== Segment start ==
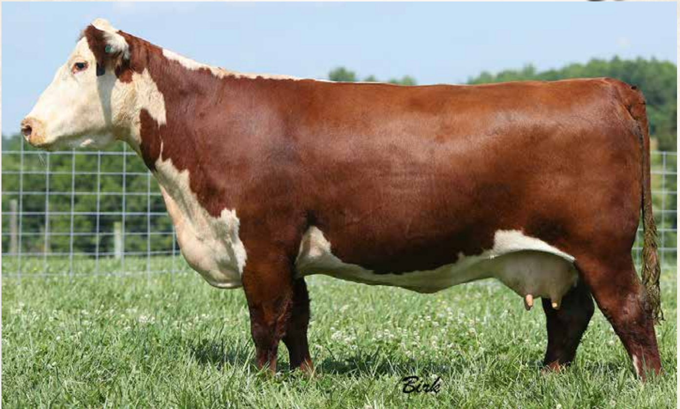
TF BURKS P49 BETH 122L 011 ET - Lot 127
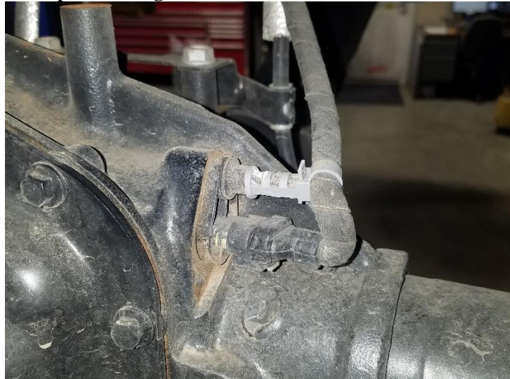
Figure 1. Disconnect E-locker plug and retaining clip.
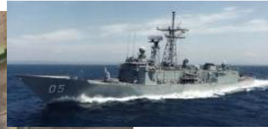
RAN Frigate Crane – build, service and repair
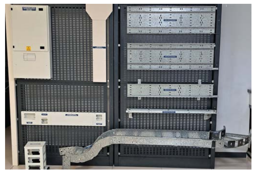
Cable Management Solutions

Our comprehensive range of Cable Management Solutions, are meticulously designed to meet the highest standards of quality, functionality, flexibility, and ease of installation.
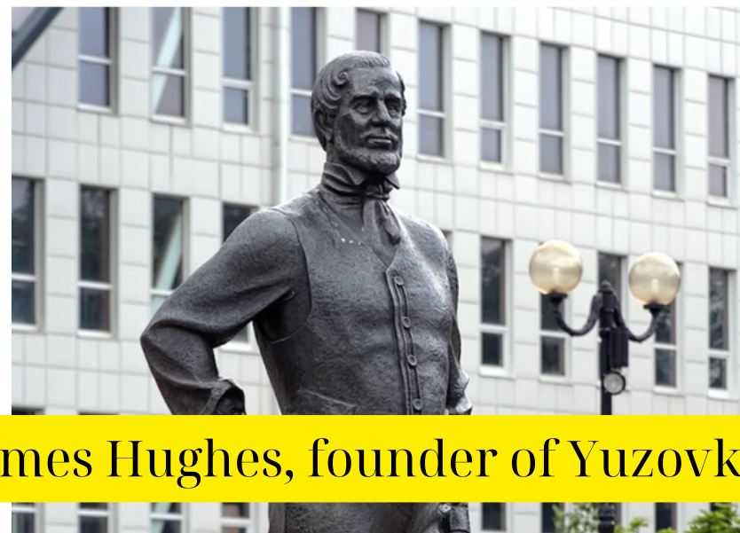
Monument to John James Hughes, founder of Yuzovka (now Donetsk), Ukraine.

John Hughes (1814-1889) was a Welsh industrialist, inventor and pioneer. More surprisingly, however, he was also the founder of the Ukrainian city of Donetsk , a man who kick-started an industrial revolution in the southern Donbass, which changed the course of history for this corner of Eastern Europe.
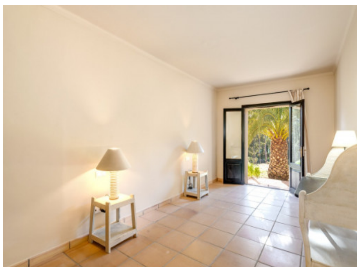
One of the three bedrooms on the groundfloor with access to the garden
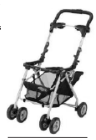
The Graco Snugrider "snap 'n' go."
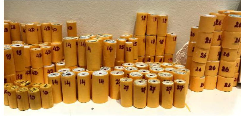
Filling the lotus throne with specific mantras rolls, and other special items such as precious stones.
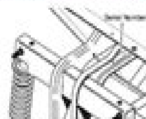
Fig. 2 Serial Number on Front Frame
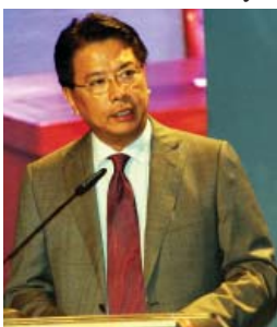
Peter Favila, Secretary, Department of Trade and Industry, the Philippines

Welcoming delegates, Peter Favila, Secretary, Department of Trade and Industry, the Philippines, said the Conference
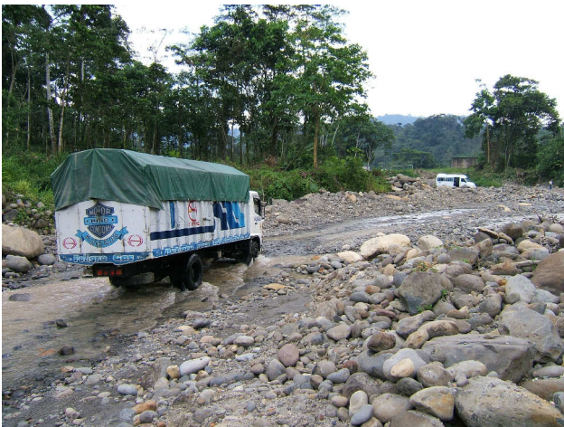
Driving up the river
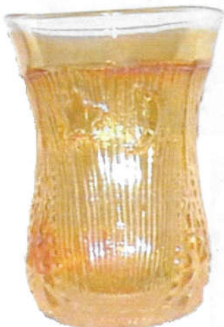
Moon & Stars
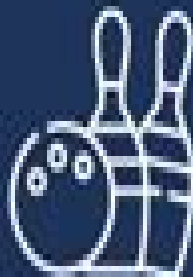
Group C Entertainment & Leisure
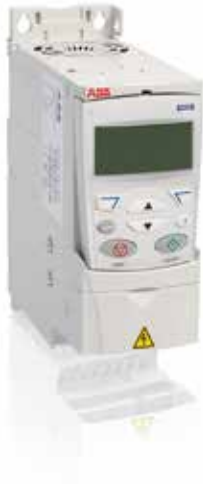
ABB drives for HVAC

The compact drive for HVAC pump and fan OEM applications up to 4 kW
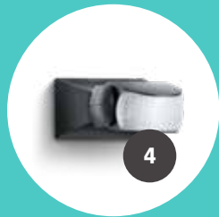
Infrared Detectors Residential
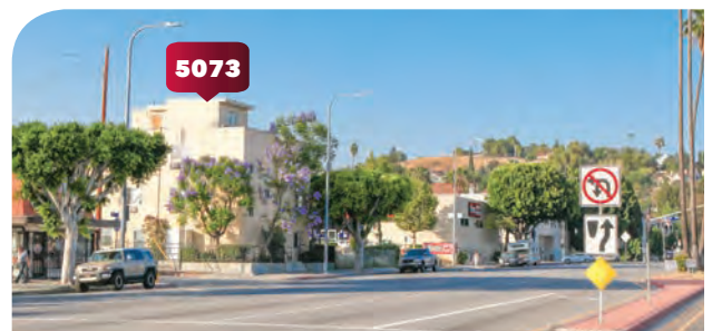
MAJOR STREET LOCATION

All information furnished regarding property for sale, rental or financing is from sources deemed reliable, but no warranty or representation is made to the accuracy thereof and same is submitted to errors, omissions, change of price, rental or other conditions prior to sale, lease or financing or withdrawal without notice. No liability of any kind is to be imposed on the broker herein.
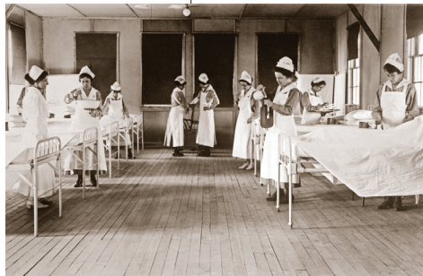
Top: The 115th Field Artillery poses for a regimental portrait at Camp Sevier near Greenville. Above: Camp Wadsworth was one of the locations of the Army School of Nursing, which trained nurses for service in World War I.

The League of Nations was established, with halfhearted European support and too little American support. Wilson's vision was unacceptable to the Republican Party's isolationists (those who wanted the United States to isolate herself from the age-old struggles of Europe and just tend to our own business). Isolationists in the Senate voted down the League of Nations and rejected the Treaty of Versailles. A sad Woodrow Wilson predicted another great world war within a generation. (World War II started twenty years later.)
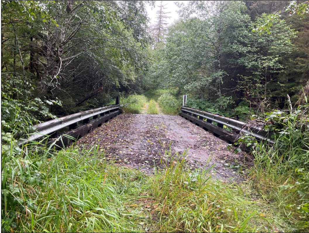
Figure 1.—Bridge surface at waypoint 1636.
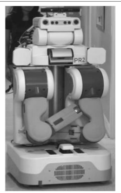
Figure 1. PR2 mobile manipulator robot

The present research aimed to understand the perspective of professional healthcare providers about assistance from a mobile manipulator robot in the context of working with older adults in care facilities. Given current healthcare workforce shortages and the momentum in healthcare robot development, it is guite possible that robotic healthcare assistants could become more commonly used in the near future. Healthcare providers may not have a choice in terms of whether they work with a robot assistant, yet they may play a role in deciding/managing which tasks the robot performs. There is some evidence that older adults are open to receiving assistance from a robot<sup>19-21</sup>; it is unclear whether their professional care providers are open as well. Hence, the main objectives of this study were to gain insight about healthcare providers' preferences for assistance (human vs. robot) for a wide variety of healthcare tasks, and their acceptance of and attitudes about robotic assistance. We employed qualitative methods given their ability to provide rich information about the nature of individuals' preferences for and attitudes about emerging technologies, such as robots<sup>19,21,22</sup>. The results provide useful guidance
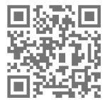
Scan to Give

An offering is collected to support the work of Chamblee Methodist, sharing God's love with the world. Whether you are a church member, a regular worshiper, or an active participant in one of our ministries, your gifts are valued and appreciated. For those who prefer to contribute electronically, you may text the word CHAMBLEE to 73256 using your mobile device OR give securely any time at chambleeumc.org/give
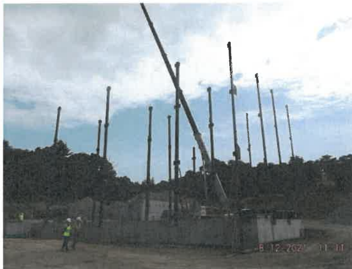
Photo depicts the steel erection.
== Segment end ==
== Segment start ==
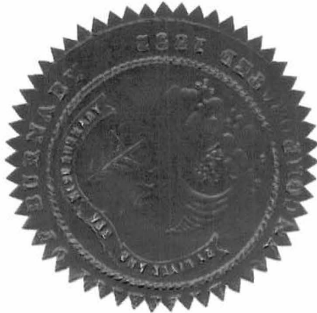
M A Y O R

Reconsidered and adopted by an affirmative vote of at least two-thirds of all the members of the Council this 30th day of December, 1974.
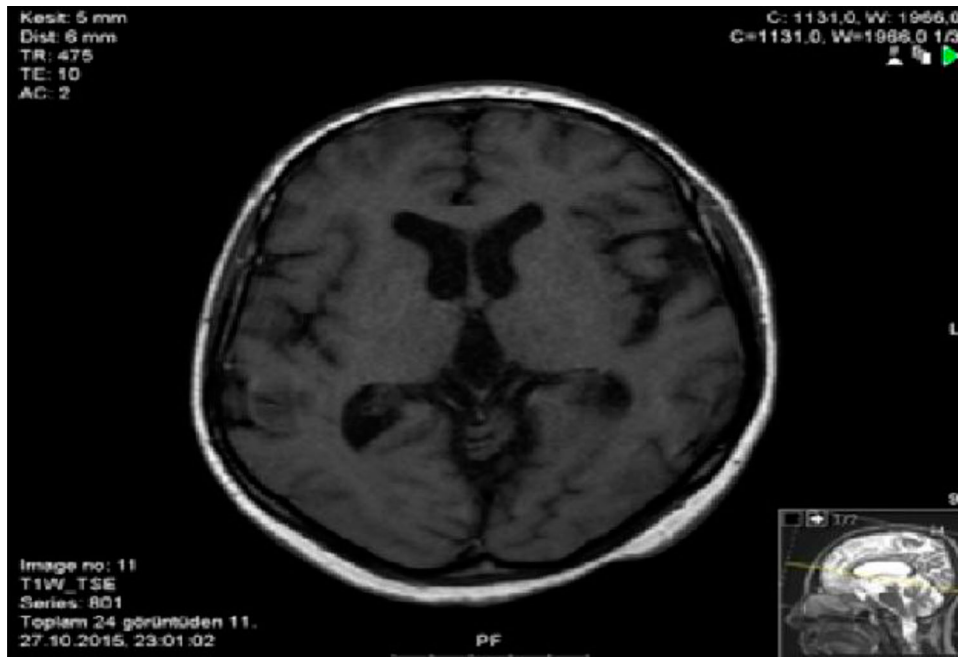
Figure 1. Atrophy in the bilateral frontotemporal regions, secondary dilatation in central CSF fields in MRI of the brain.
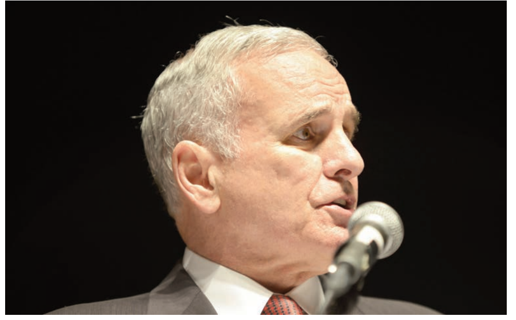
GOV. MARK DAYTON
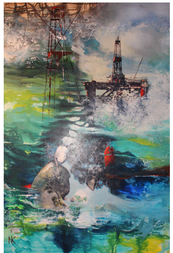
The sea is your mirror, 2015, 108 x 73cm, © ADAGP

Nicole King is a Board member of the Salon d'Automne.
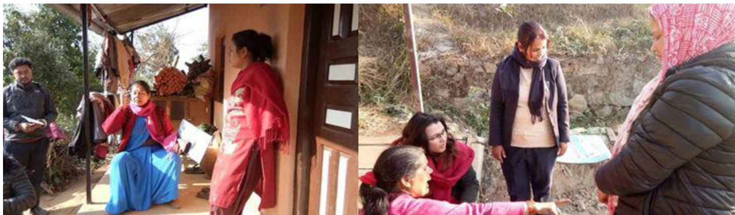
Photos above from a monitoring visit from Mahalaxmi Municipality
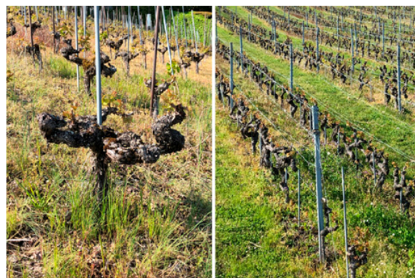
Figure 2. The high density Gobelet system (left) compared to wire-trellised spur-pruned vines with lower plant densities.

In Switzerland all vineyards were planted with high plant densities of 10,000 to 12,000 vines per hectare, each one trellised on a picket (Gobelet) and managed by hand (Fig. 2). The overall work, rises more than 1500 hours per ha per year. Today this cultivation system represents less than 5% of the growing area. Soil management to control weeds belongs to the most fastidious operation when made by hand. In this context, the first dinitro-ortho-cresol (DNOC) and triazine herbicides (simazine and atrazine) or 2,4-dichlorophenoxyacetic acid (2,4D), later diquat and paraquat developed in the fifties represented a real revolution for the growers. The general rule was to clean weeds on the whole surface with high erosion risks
== Segment end ==
== Segment start ==
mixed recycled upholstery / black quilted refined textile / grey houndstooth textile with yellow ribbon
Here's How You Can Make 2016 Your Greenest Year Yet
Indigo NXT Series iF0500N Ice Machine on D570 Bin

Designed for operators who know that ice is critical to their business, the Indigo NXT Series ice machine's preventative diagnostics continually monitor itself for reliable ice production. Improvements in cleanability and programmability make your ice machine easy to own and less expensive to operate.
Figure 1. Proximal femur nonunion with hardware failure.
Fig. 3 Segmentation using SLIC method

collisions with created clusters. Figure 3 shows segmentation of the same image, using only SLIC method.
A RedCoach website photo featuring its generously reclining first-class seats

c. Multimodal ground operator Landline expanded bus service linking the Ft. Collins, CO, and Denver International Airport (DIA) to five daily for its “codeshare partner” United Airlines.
== Segment end ==
#### TASK PROMPT
Please repeat, exactly as written, the lines in the records above, starting with the one that has "Monument to John" and going on through the one that has "All information furnished". Pictures are to be left out.

#### TASK RESULT
Monument to John James Hughes, founder of Yuzovka (now Donetsk), Ukraine.

John Hughes (1814-1889) was a Welsh industrialist, inventor and pioneer. More surprisingly, however, he was also the founder of the Ukrainian city of Donetsk , a man who kick-started an industrial revolution in the southern Donbass, which changed the course of history for this corner of Eastern Europe.
One of the three bedrooms on the groundfloor with access to the garden
The Graco Snugrider "snap 'n' go."
Filling the lotus throne with specific mantras rolls, and other special items such as precious stones.
Fig. 2 Serial Number on Front Frame
Peter Favila, Secretary, Department of Trade and Industry, the Philippines

Welcoming delegates, Peter Favila, Secretary, Department of Trade and Industry, the Philippines, said the Conference
Driving up the river
Moon & Stars
Group C Entertainment & Leisure
ABB drives for HVAC

The compact drive for HVAC pump and fan OEM applications up to 4 kW
Infrared Detectors Residential
MAJOR STREET LOCATION

All information furnished regarding property for sale, rental or financing is from sources deemed reliable, but no warranty or representation is made to the accuracy thereof and same is submitted to errors, omissions, change of price, rental or other conditions prior to sale, lease or financing or withdrawal without notice. No liability of any kind is to be imposed on the broker herein.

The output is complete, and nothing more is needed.